▶ _Problem statement_
Every line below from the one with "Keywords: Greek honey" through the one with "Lực lượng chức" is to be repeated exactly, with no picture among them.

----- Material shown -----

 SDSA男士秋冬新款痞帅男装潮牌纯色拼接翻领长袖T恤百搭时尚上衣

-----
----- Material shown -----

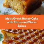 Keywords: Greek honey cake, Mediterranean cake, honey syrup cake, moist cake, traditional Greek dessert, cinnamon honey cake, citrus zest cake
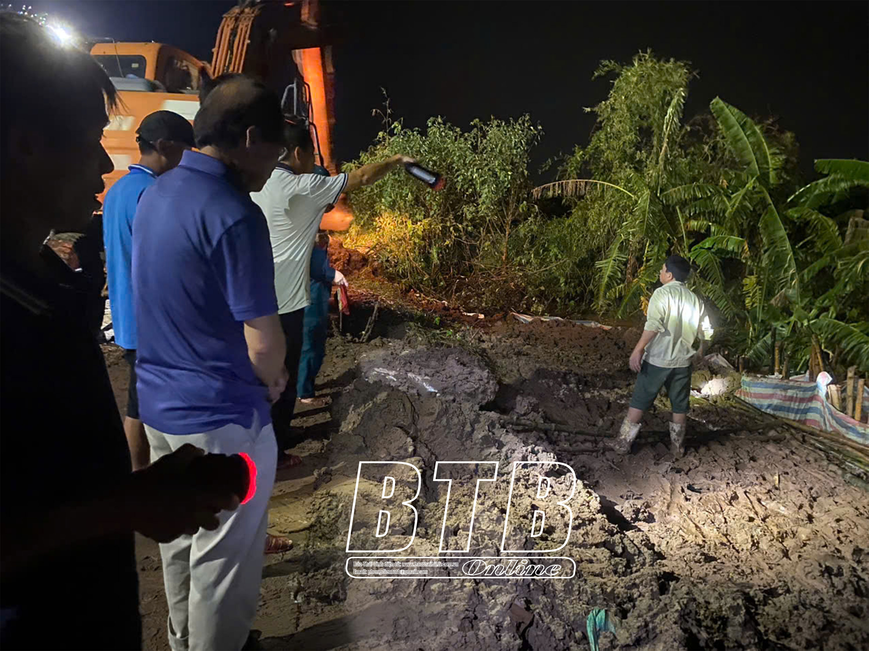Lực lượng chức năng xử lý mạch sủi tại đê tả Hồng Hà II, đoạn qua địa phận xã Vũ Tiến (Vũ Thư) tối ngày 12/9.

-----

▶ _Result_
 Keywords: Greek honey cake, Mediterranean cake, honey syrup cake, moist cake, traditional Greek dessert, cinnamon honey cake, citrus zest cake
Lực lượng chức năng xử lý mạch sủi tại đê tả Hồng Hà II, đoạn qua địa phận xã Vũ Tiến (Vũ Thư) tối ngày 12/9.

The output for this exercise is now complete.